There are a lot of bad ways to structure your editorial calendar. There is also no one right way. The best editorial calendar in the world is the one that keeps your team together and on track, churning great content on time. The best calendar will work the way your team works.

There are a lot of different tools and systems to organize your editorial calendar. To build the most productive editorial calendar for your team, you need to first understand the different structures to organize editorial schedules, and then find the best approach for your team.

But first: What actually makes a good editorial calendar?

The Trademarks of a Productive Editorial Calendar

Detailed

While clean, straightforward access to information about your content like title, publish date, and author is important for the visual side of your editorial calendar, you also need to include the important details about what your team needs to do before shipping this content. These will include (but aren’t limited to):

  • Drafts & Outlines. Your whole team needs quick access to the important files, links, and documentation about this piece of content. Depending on your process, this could be anything from a Microsoft Word document attached to a Trello card to a Google Doc link in a spreadsheet field. Just make sure that this information is easy for the team to find and shared with everyone.

  • Content Responsibilities. Who owns this content? Is it the author? A manager? Who is responsible for edits? Whose final approval is needed before publication? These details are important to include in your editorial calendar.

  • Promotions. What promotion is planned for this content? Who owns it? Maybe you'll answer this with a checklist your team follows, or will simply states who will promote the content. Either way, this prevents duplication of effort while making sure promotion doesn't fall through the cracks.
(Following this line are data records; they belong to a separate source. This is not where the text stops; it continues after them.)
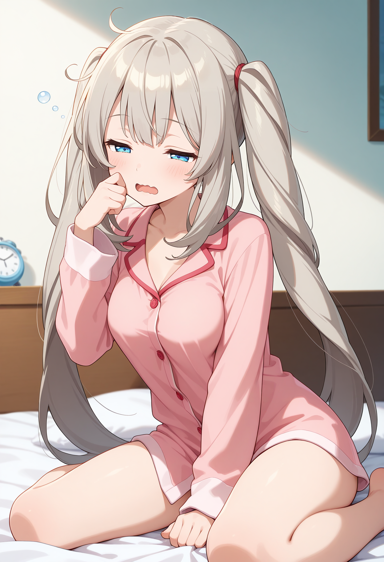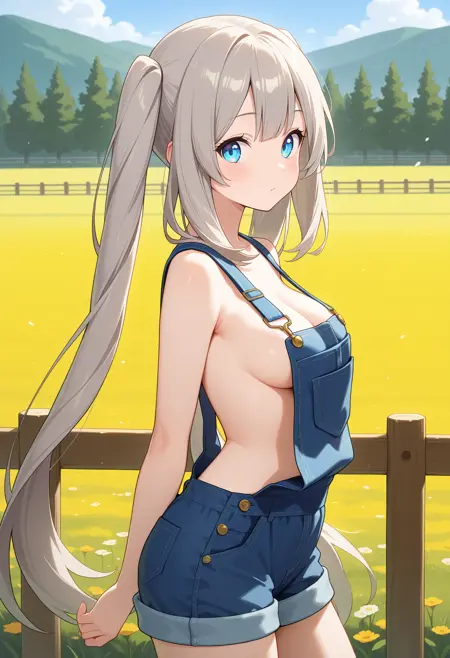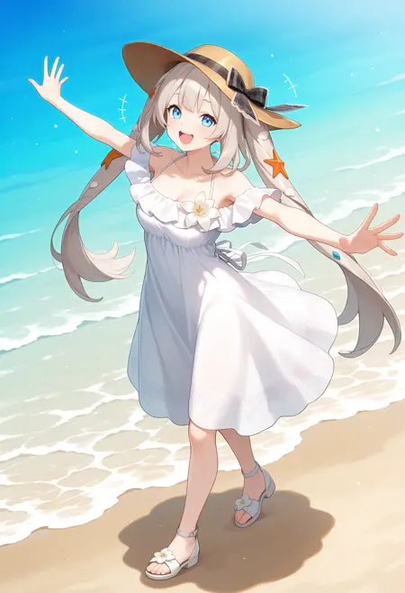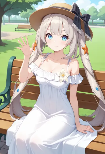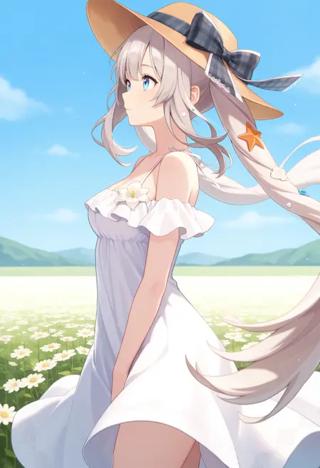 outfit2aamarie, long hair, grey hair, twintails, sun hat, brown headwear, hat bow, hair ornament, blue eyes, medium breasts, sundress, off-shoulder dress, white dress, white flower
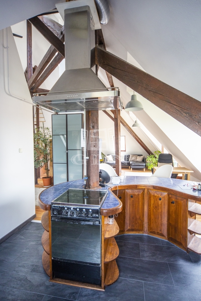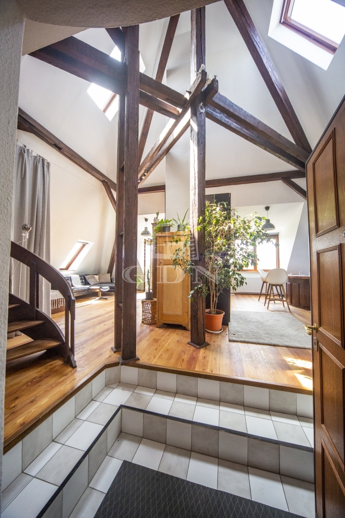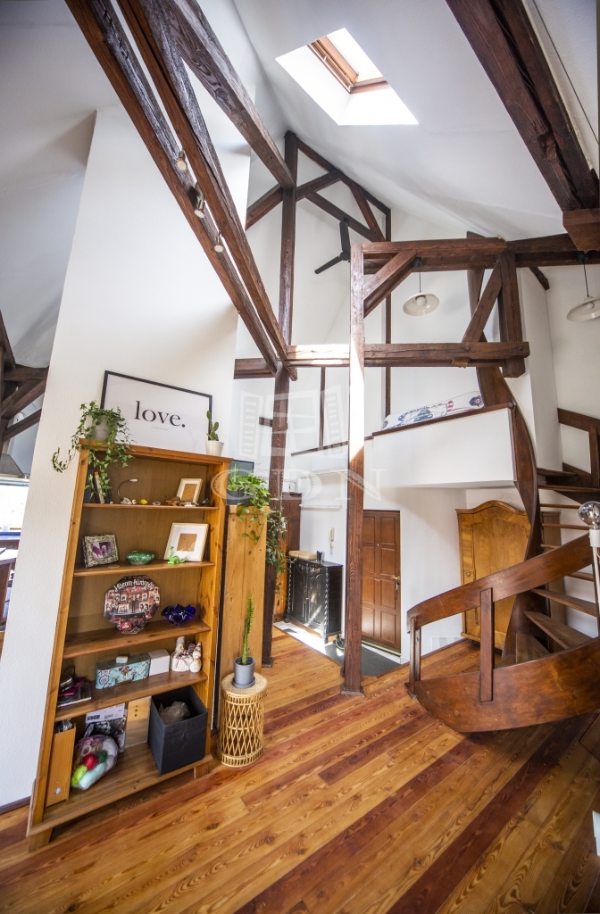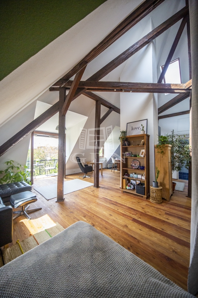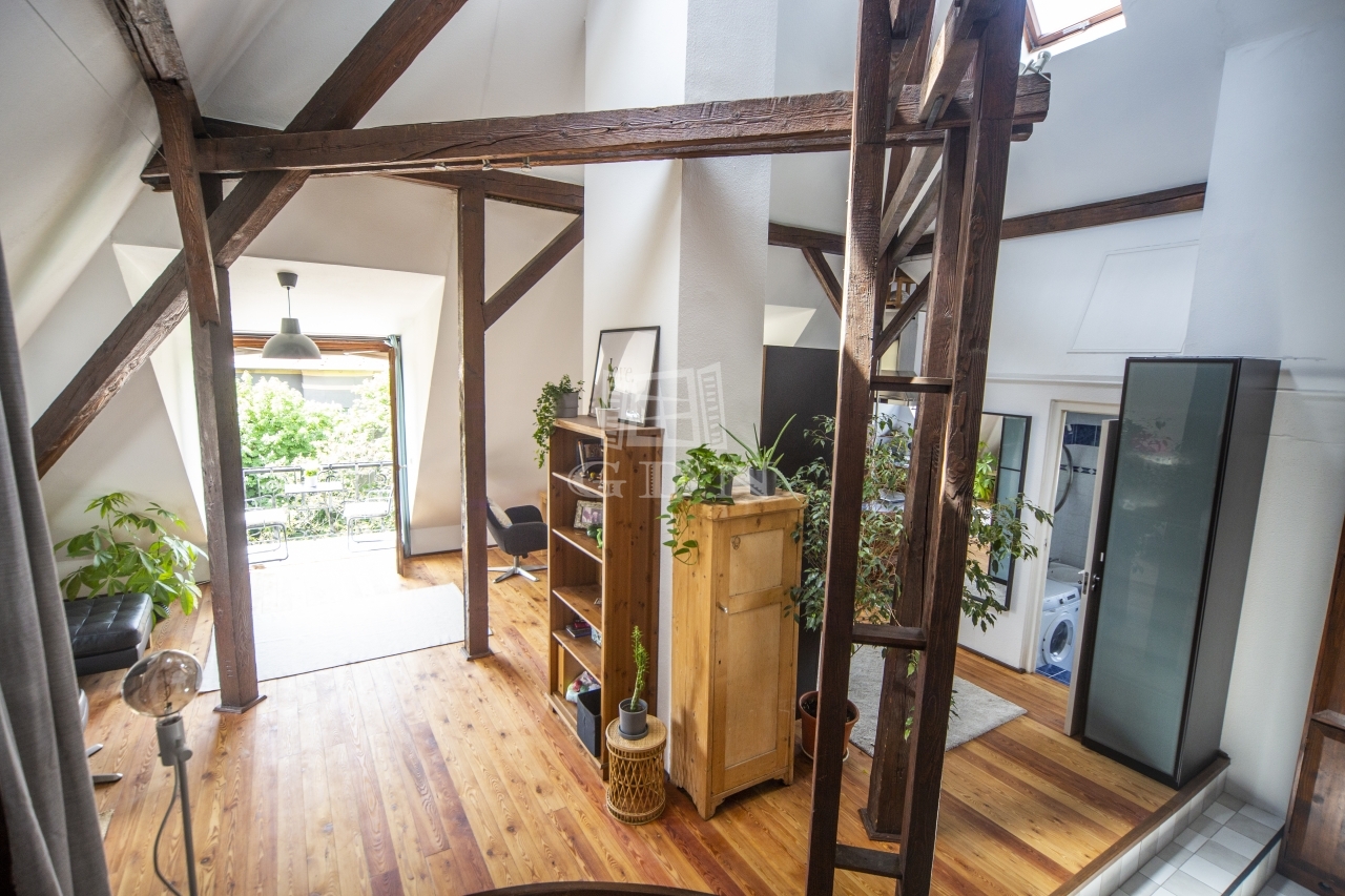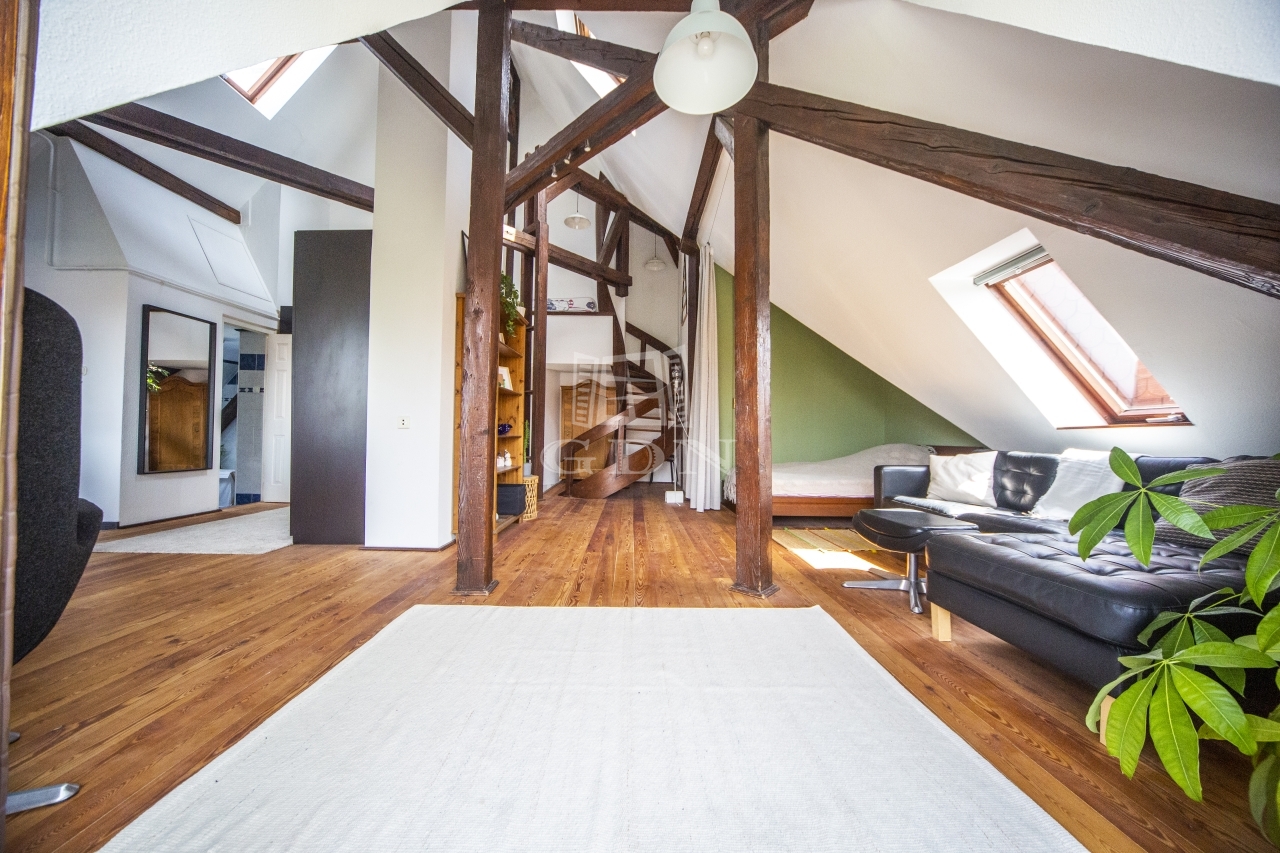 Az újonnan beépített klímával felszerelt lakás belső átriumos kialakítása, valamint a terek elrendezése egyértelműen a klasszikus művész lakás hangulatát árasztja.
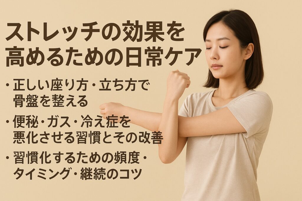 さらに、日常ケアとストレッチを組み合わせることで、腸が本来の位置に戻りやすい状態を維持できると言われています。姿勢の癖を意識しつつ、温活や軽い運動を取り入れることで、お腹まわりの巡りが整いやすいと説明されています。

  • Publishing Protocol. What needs to happen before your content can or (should) be published? Somewhere in your editorial calendar, a publishing protocol needs to be readily available to your team.

Collaborative

We plan everything on one calendar. This way, we're able to plan collectively, see who’s working on what projects.

Nathan Ellering, CoSchedule

In order to become a functional part of your team’s workflows, your editorial calendar needs to be collaborative. It needs to be easily understood—and used—by everyone on your team (and any other teams with a stake in your content), so anyone can add new ideas or suggest a better publication date if needed. And everything in your calendar needs to be shared, too, so anyone can fix something on an article or update a video description if needed.

Action-Oriented

Your editorial calendar needs to help your team move forward. It should be more than just a way to keep your publishing dates straight—it should also include tasks and milestones.

For example: How far before the publish date do you need the rough draft finished? When should all the edits be completed? These details and more should be reflected in your editorial calendar.

Visual

When we see our work laid out in a calendar, we find it to be much more manageable.

Kevan Lee, Buffer

Last but not least, an editorial calendar must be visual. A grid or calendar layout keeps your team on track by making deadlines visual. It also simplifies planning content, since it's so easy to schedule or reschedule content. Seeing content laid out on the editorial calendar can also encourage consistency in the same manner as Jerry Seinfeld's "don't break the chain" method.

So that’s the why, but what’s the how? Only your team can answer that question.

There are four main types of editorial calendar that satisfy the detailed, action-orientated, visual, collaborative criteria. One of these—or an amalgamation of the four—will keep your editorial schedule on track. Click below to read about the one that looks most interesting to you, or read through them all if you're not sure.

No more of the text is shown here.